Pete no estaba seguro de si compartía o no esa duda, y prácticamente siempre se esforzaba por ignorar aquella posibilidad. Pero era evidente que esa era la razón por la que lo habían convocado a aquel despacho. Y como cualquier horror al que no quedaba otro remedio que enfrentarse, era preferible sacarlo a la luz y abordarlo. De modo que decidió ignorar la pregunta del inspector jefe e ir al grano.

—¿Puedo preguntar de qué va todo esto?

Lyons se quedó dudando.

—Lo que vamos a hablar ahora no puede salir de las cuatro paredes de este despacho, ¿queda claro?

—Por supuesto.

—Las filmaciones de las cámaras de videovigilancia sugieren que Neil Spencer caminó en dirección hacia aquel descampado y que, en algún punto de los alrededores, desapareció. La búsqueda ha sido infructuosa hasta el momento. Hemos rastreado todos los lugares donde podría haber sufrido un accidente. No está ni con amigos ni con familiares. Nos vemos, por lo tanto, obligados a considerar otras posibilidades. ¿Inspectora Beck?

Fue como si Amanda Beck, que estaba sentada al lado de Pete, cobrara vida de repente. Y cuando habló, lo hizo un poco a la defensiva.

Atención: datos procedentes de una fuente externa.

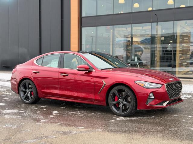 Introducing this 2021 Genesis G70. Expressing power that is forceful yet never feels forced. Engineered to excel not just on paper but on pavement. Equipped to entertain and inform. Protect and connect. Designed in every aspect to celebrate the pure unbridled fun of sporty driving. This low mileage sedan has just 43 335 kms. It's havana red in colour . It has a 8 speed automatic transmission and is powered by a smooth engine. It may have some remaining factory warranty please check with dealer for details.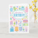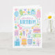 Um cartão feminino pastel brilhante para aniversário de 21 anos de cada aniversário e festa relacionada a ela. Bolos, presentes, balão, flores e chapéus de festa enchem o cartão e também formam a fronteira inferior no dentro do cartão.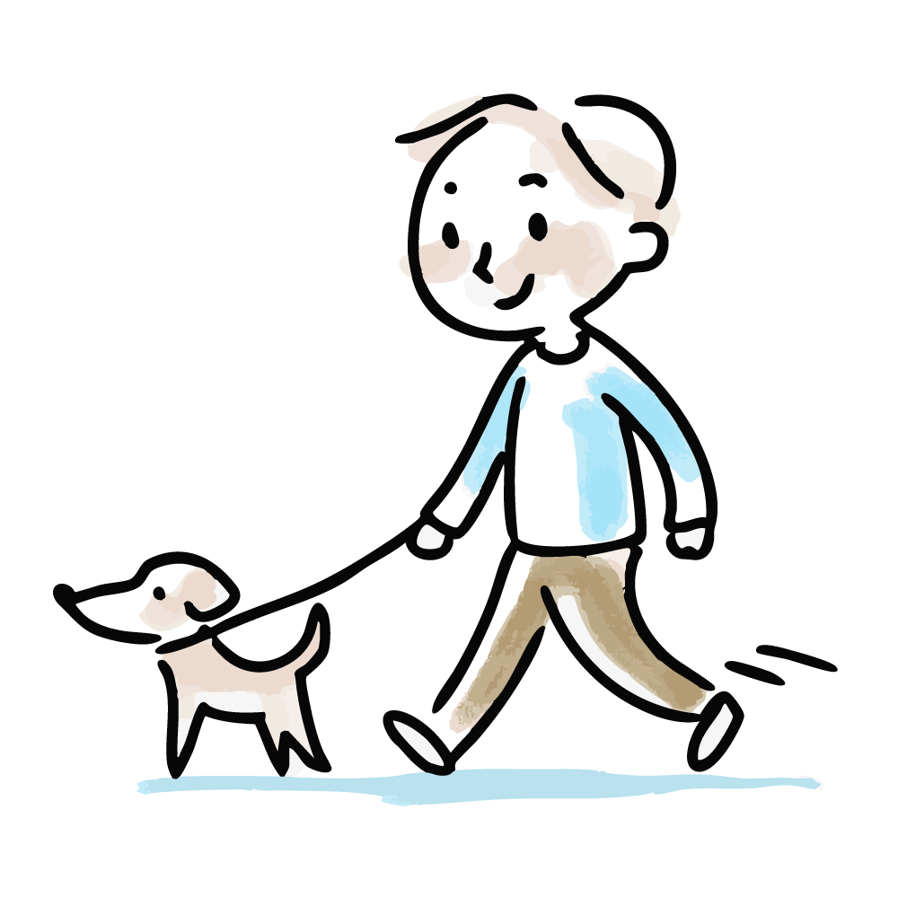 男性の犬の散歩(お散歩)を描いた手書き風無料イラスト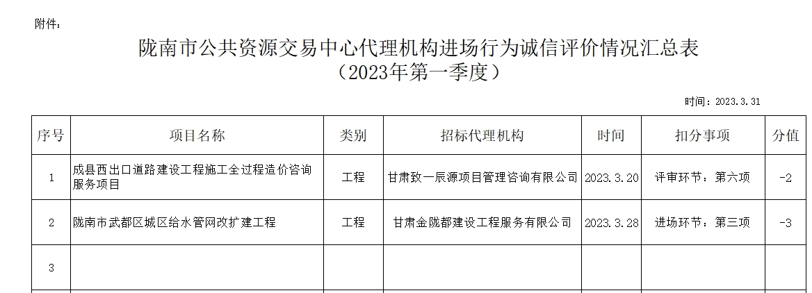 隴南市公共資源交易中心關(guān)于2023年第一季度代理機構(gòu)進(jìn)場行為誠信評價結(jié)果的公示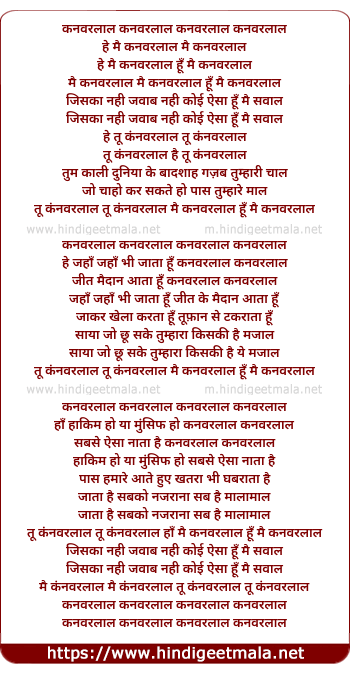 Lyrics of Kanwarlal Kanwarlal - कनवरलाल कनवरलाल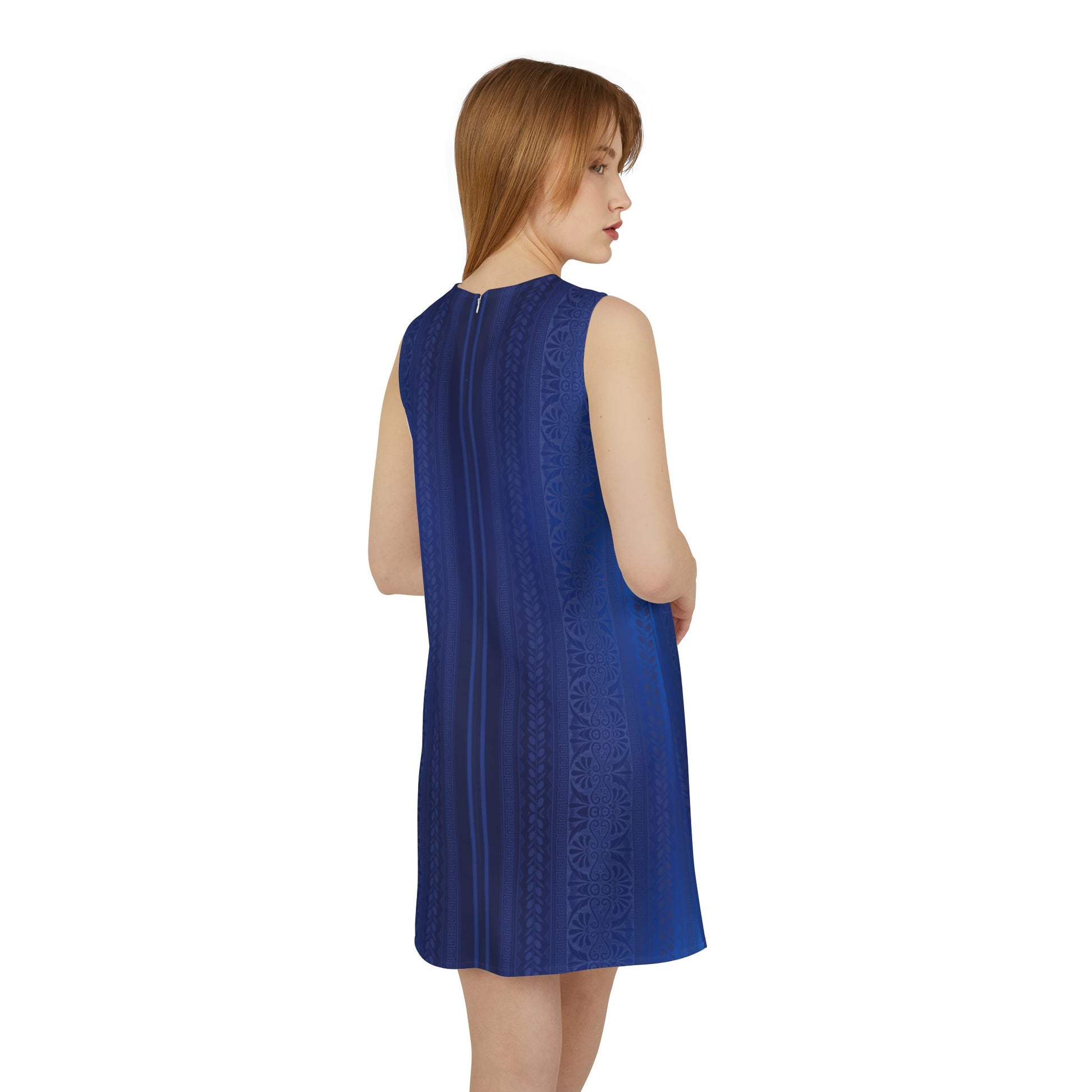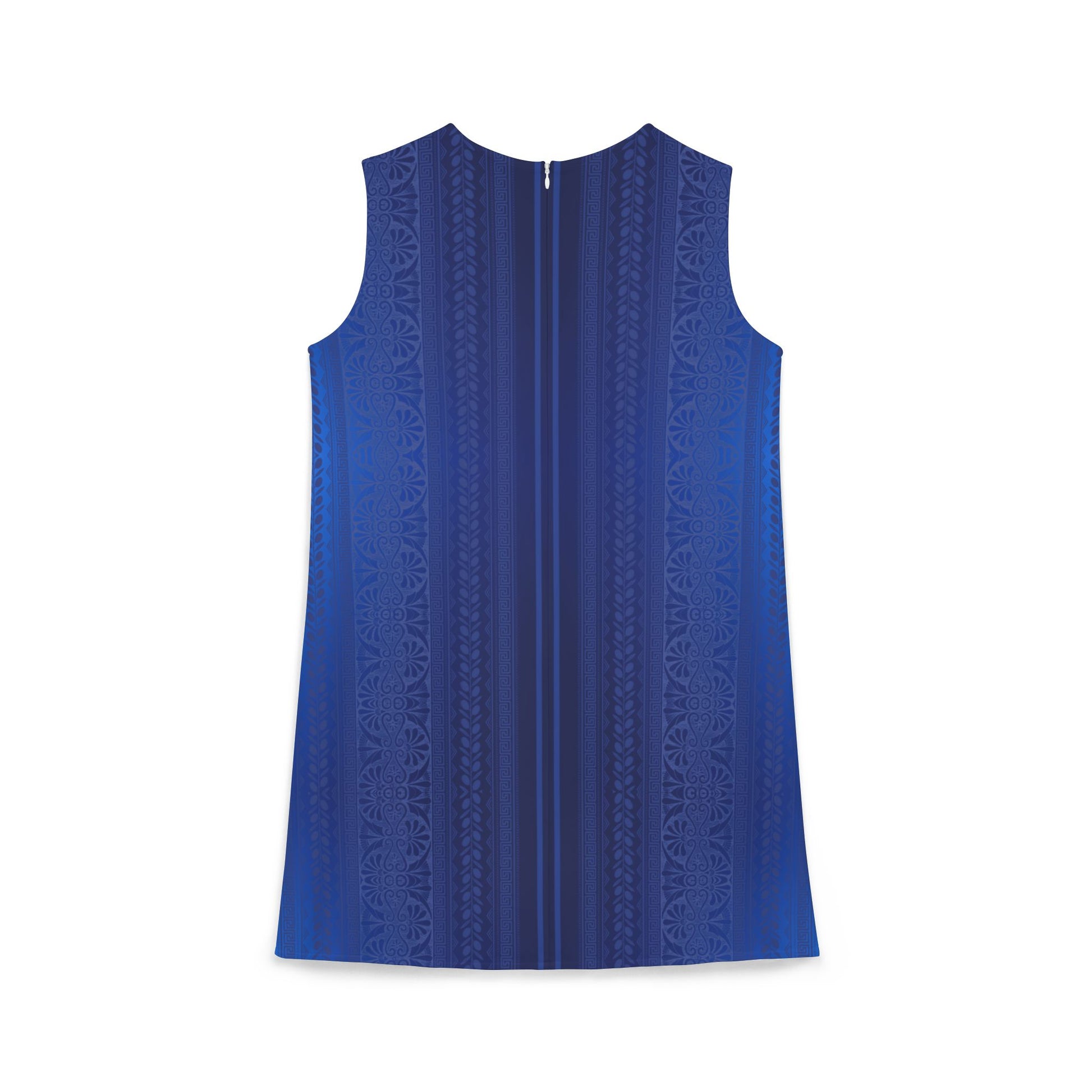 Blue Ornate Greek Key A-line Sleeveless Dress

—Hemos considerado el resto de las posibilidades desde el principio, claro está. Hemos hecho visitas puerta a puerta. Hemos entrevistado a todos los candidatos habituales. Pero nuestros esfuerzos no nos han llevado aún a ningún lado.

«Aquí hay algo más», pensó Pete.

—¿Y?

Beck respiró hondo.

—Y hace una hora, he entrevistado de nuevo a los padres. En busca de algo que se me hubiera pasado por alto. De algún tipo de pista. Y la madre me ha contado una cosa. Que no había mencionado antes porque lo consideraba una tontería.

—¿Y esa cosa es?

Pero supo la respuesta incluso antes de formular la pregunta. Tal vez no la forma exacta que adoptaría, pero sí bastante aproximada. Era como si en el transcurso de la reunión, se hubieran ido uniendo las piezas de una nueva pesadilla hasta formar una sola imagen.

Un niño desaparecido.

Frank Carter.

Un cómplice.

Beck añadió entonces la última pieza.

—Hace unas semanas, Neil despertó a su madre en plena noche. Le dijo que había visto un monstruo al otro lado de la ventana de su habitación. Las cortinas estaban abiertas, como si realmente hubiera estado mirando al exterior, pero allí no había nada…

Hizo una pausa.

—El niño dijo que le habían estado hablando en susurros.